- Official cover

Single by Mahmood

from the album Nei letti degli altri (Digital edition only)
- Released: 14 June 2024
- Genre: Afrobeats
- Length: 2:32
- Label: Island; Universal;
- Songwriters: Alessandro Mahmoud; Jacopo Ettorre; Francesco Catitti; Emilio Barberini;
- Producers: Katoo; Madfingerz;

Mahmood singles chronology
| "Tuta gold" (2024) | "Ra ta ta" (2024) | "Sottomarini" (2025) |

Music video
- "Ra ta ta" on YouTube

= Ra ta ta =

"Ra ta ta" is a song co-written and recorded by Italian singer Mahmood. It was released for digital download and streaming on 14 June 2024 by Island Records and Universal Music.

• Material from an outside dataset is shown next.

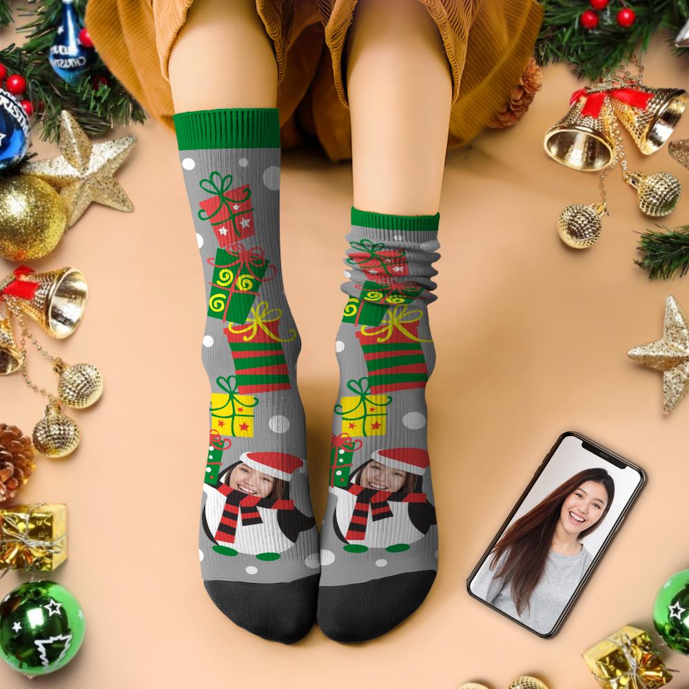 カスタムフェイスソックス-写真入り可能なオリジナルクリスマス靴下-可愛いペンギン柄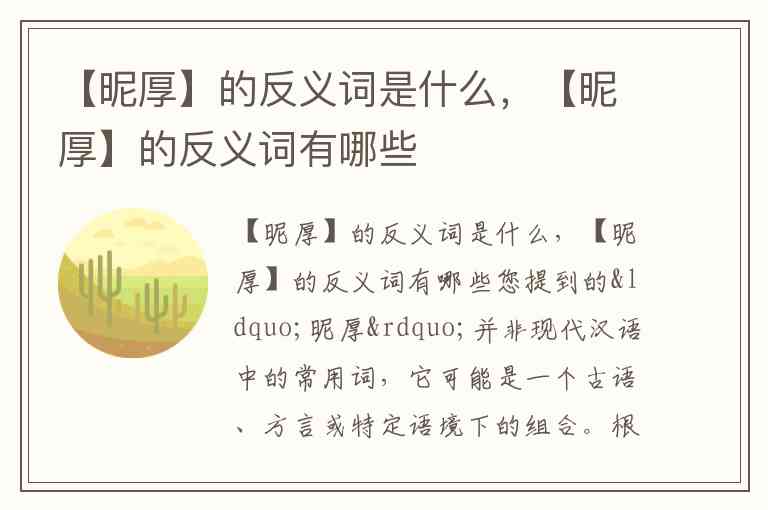 您提到的“昵厚”并非现代汉语中的常用词,它可能是一个古语、方言或特定语境下的组合。根据字义推测:

The song was written by Alessandro Mahmoud, Jacopo Ettorre, Francesco Catitti and Emilio Barberini, and produced by the latter two. It was included on the digital reissue of Mahmood's third studio album, Nei letti degli altri.

==Music video==
A music video to accompany the release of "Ra ta ta" was first released onto YouTube on 14 June 2024. The video was directed by Attilio Cusani and Mahmood himself, and shot in Tunisia.

==Charts==
===Weekly charts===

Weekly chart performance for "Ra ta ta"
| Chart (2024) | Peak position |
|---|---|
| Italy (FIMI) | 6 |
| Italy Airplay (EarOne) | 1 |

===Year-end charts===

2024 year-end chart performance for "Ra ta ta"
| Chart (2024) | Position |
|---|---|
| Italy (FIMI) | 34 |

==Certifications==

Certifications for "Ra ta ta"
| Region | Certification | Certified units/sales |
| Italy (FIMI) | Platinum | 100,000^{‡} |
^{‡} Sales+streaming figures based on certification alone.